Contropiede riuscito, si direbbe. Difficilissimo provare le pressioni, che sono ovviamente e immancabilmente sottili e ambigue—ché altrimenti il «potere» non sarebbe più il «potere» e chiunque potrebbe permettersi il lusso di sparlarne in libertà. Facile, invece, cogliere in fallo chi non ha dimestichezza con il linguaggio “polisemico,” se così si può dire, dei potenti. Qualcuno ricorda come Padre Cristoforo, nei Promessi Sposi, racconta al povero Renzo—che vuol sapere che diavolo ha risposto, il suo persecutore, al volenteroso frate—l’esito infausto del suo colloquio con don Rodrigo?

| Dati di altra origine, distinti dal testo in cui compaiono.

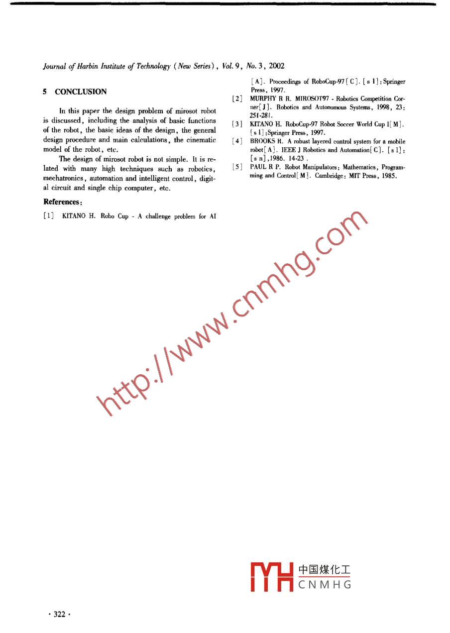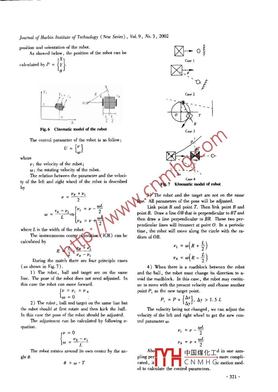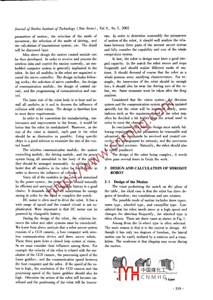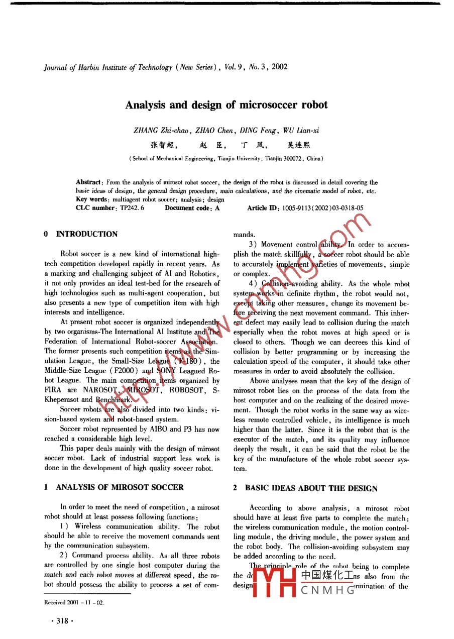 Journal of Harbin Insitute of Technology (New Series), Vol.9, No.3, 2002Analysis and design of microsoccer robotZHANG Zhi-chao, ZHAO Chen, DING Feng, WU Lian-xi張智超,趙臣,丁鳳,昊連熙( School of Mechanical Engineeing, Tianjin University , Tianjin 300072, China)Abstract: Frum the analysis of mirosot robot soccer, the design of the robot is discussed in detail covering thebasic ideas of design, the general design procedure, main calculations, and the cinematic model of robot, elc.Key words: multiagent robot soccer; analysis; designCLC number: TP242.6 Docunent code: AArticle ID: 1005-9113(2002)03-0318-050 INTRODUCTION3) Movement control ability. In order to accom-Robot soccer is a new kind of intemational high- plish the match silly,a socer robot should be abletech competition developed rapidly in recent years. Asto accurately implement varieties of movements , simplea marking and challenging subject of AI and Robotics,or complex.it not only provides an ideal lest-bed for the research of4) Collision-avoiding ability. As the whole robothigh technologies such 8 muli-agent cooperation, butsystem works in definite rhythm, the robot would not ,also presents a new type of competition item with highexcept taking other measures , change its movement be-interests and intelligence.fore receiving the next movement command. This inher-At present robot soccer is organized independentlyent defect may easily lead to cllision during the matchby two organisms -The International Al Intitute and The especially when the robol moves at high speed or isFederation of Intermational Robol-soccer Association.closed 10 others. Though we can decrees this kind ofThe former presents such competition items as the Sim-collision by better progranning σr by increasing thulation League, the Small-Size League (F-180), thecalculation speed of the computer, it should take otherMiddle-Size League (F2000) and SONY Leagued Ro- measures in order to avoid absolutely the cllision.bot League. The main competition items organized by :Above analyses mean that the key of the design ofFIRA are NAROSOT, MIROSOT, ROBOSOT, S-mirosot robot lies on the process of the data from theKheperasot and Benchmark.host computer and on the realizing of the desired move-Soccer robots are also divided into two kinds: vi- ment. Though the robot works in the same way as wire-sion-based system and robot-based system.less remole controlled vehicle, its intelligence is muchSoccer robot represented by AIBO and P3 has now higher than the ltter. Since it is the robot that is thereached a considerable high level.executor of the match, and its quality may influenceThis paper deals mainly with the design of mirosot deeply the result, it can be said that the robol be thesoccer robot. Lack of industrial support less work is key of the manufacture of the whole robol soccer sys-done in the development of high quality soccer robot,1 ANALYSIS OF MIROSOT SOCCER2 BASIC IDEAS ABOUT THE DESIGNIn order to meet the need of competition, a mirosotAccording to above analysis, a mirosot robotrobot should at least possess following functions:should have at least five parts to complete the match:1) Wireless conmunication ability. The trobut the wireless communication module , the motion control-should be able to rereive the movement commands sentling module , the driving module, the power system andby the communication subsystem.the robot body. The ollision-avoiding subsystem may2) Conmand process ability. As all three robols be added according to the need.are controlled by one single host computer during theThe prininle. mnle nf the. rmnhrut being to completemaltch and each robot moves at different speed, the ro-the d中國煤化Ins also from thebot should possess the ability to process a set of com- design:fYHCNMHGermination of theReceived 2001 -11 -02..318●Journal of Harbin Institute of Technology (New Series), Vol. 9, No.3, 2002paraneters of motion, the selection of the mode ofate. In order to determine reasonably the pararneltersmovement, the selection of the mode of driving, andof notion of the robot, it should well analyze the rela-the calculation of transmission system, etc. The detailtions between three parts of the mirosot soccer systemwill be discussed laler.and fully consider the capability and cost of the wholeAfter above design the motion control module cancompetition system.be then developed. In order to receive and process theAt last, the robot to design must have a good inte-wireless data and control the motion correctly, an em-gral capacity. In the match the robot moves and stopsbedded computer system is generally implanted in thefrequently and should realize different mode of mo~robot. In fact all modules in the robot are organized a-tions. It should demand of course that the robot as around the micro controller. The design includes follow-whole possess some satisfying characteristics. For ex-ing works: the selection of micro contoller, the designample, the barycenter of the robot should be enoughof communication module, the design of control cirlow; it should also be near the driving axis of the ro-cuit, and the programming of communication and con-bot, etc. Some measures must be taken after the deepanalysis.The basie role of the robot body is to bear and in-Considered that the vision system, the decisionstall all modules in it and to decrees the influence ofsystem and the communication system are often updatedcollision with other robols. The design is therefore howspeedily but the robol will be improved slowly, someto meet these requirements.indexes such as the maximum speed of the robot mayIn order to be convenienl for manufacturing, ma-oflen be decided a bit higher than the actual need inintenance and improvememt in the future, it would beorder to meel the changes.belter that the robol be modularized. Moreover, as theIn conclusion, the robot to design must satisfy fol-size of the robot is limited, each part in the robotlowing requirements : the para

Le sue parole, io l’ho sentite, e non te le saprei ripetere. Le parole dell’iniquo che è forte, penetrano e sfuggono. Può adirarsi che tu mostri sospetto di lui, e, nello stesso tempo, farti sentire che quello di che tu sospetti è certo: può insultare e chiamarsi offeso, schernire e chieder ragione, atterrire e lagnarsi, essere sfacciato e irreprensibile. Non chieder più in là. Colui non ha proferito il nome di questa innocente, né il tuo; non ha figurato nemmen di conoscervi, non ha detto di pretender nulla; ma… ma pur troppo ho dovuto intendere ch’è irremovibile. [Cap. VII]

Povero Renzo, povera Clementina: che guaio non aver letto il capolavoro manzoniano! Circostanza invero inevitabile nel primo caso, ma non, ahimè, nel secondo. Una cosa è pressoché certa: chi ha letto (con attenzione) il romanzo può ricavare da questo e da altri brani un’interessante lezione circa il come bisogna parlare e come non bisogna parlare, quel che si può dire (e come, quando e a chi) e quel che si può solo lasciar intuire tra le pieghe del discorso!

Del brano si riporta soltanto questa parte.